Pass a `data.frame` of factor columns to compute pairwise associations across all pairs:

```{r matrix-input, eval = requireNamespace("DescTools", quietly = TRUE)}
df <- data.frame(
  cyl   = factor(mtcars$cyl),
  gear  = factor(mtcars$gear),
  am    = factor(mtcars$am)
)

res_mat <- moderncor_cat(df, method = "cramers_v")
res_mat
```

The result is a matrix of association coefficients.
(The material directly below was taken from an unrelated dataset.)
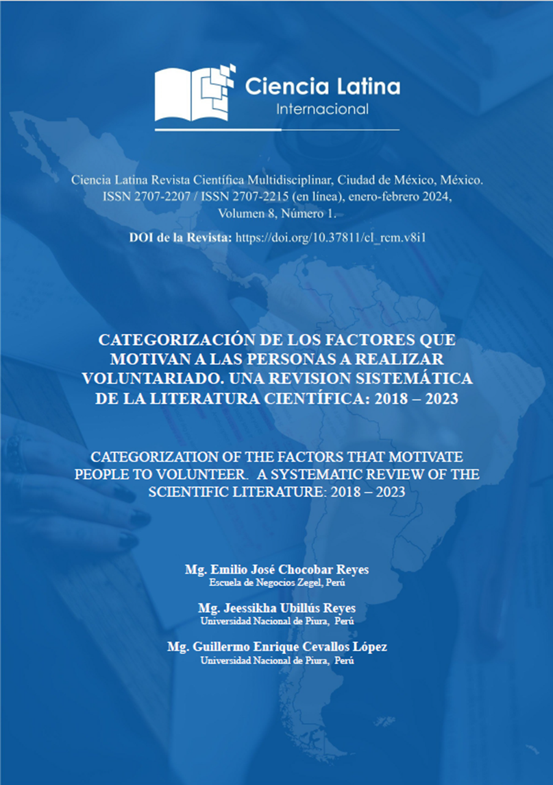 The objective of the research was to categorize the main factors that motivate people to volunteer, with a systematic review methodology of scientific literature in the period 2018 to 2023 for the EBSCOhost, ProQuest and Scielo databases. The search string was the keywords “voluntariado OR volunteering” AND “motivación OR motivation”, the inclusion criteria of only considering scientific articles in English, Spanish and Portuguese, in full text, in refereed publications with DOI and as criteria of exclusion of documents that were not scientific articles, outside the established range of years, articles repeated in different databases, in different languages and without DOI, obtaining a total of 35 scientific articles. The results allowed the factors to be grouped into categories such as intrinsic motivations, experiences, attitudes, family, educational activities, communication, work environment, emotional intelligence, resilience, trust, macro and micro-organizational structures, profile, age, laws, image, selfishness, service-learning (APS), skills, among others. The research concluded that the factors that motivate people to volunteer are very diverse; However, they are closely related to factors specific to the person and external factors closely related to the environment where the project takes place.

For nominal methods, the associated p-value matrix is also stored in `$p.value`:

```{r matrix-pvalue, eval = requireNamespace("DescTools", quietly = TRUE)}
res_mat$p.value
```

Use `as.data.frame()` to convert to tidy format:

```{r as-data-frame, eval = requireNamespace("DescTools", quietly = TRUE)}
as.data.frame(res_mat)
```

## Handling Missing Values

The `use` argument controls how missing values are handled, mirroring the interface of `moderncor()`:

- `"complete.obs"` (default): remove all rows with any NA before computing
- `"pairwise.complete.obs"`: remove NAs per pair
- `"everything"`: propagate NAs (returns NA for any pair with missing values)

```{r missing-values, eval = requireNamespace("DescTools", quietly = TRUE)}
x_na <- factor(c("A", "B", NA, "A", "B", "C"))
y_na <- factor(c("X", "Y", "X", NA, "Y", "X"))

moderncor_cat(x_na, y_na, method = "cramers_v", use = "complete.obs")
```

## Choosing the Right Method

| Situation | Recommended method |
|---|---|
| Two unordered categorical variables (general) | `cramers_v` |
| Two binary variables (2×2 table) | `phi` |
| Two ordered categorical (Likert) variables | `gamma` |
| Predicting one ordered variable from another | `somers_d` |
| Comparing association across different table sizes | `cramers_v` or `tschuprow` |

For continuous variables, use `moderncor()` instead. See `vignette("introduction")` for a full overview.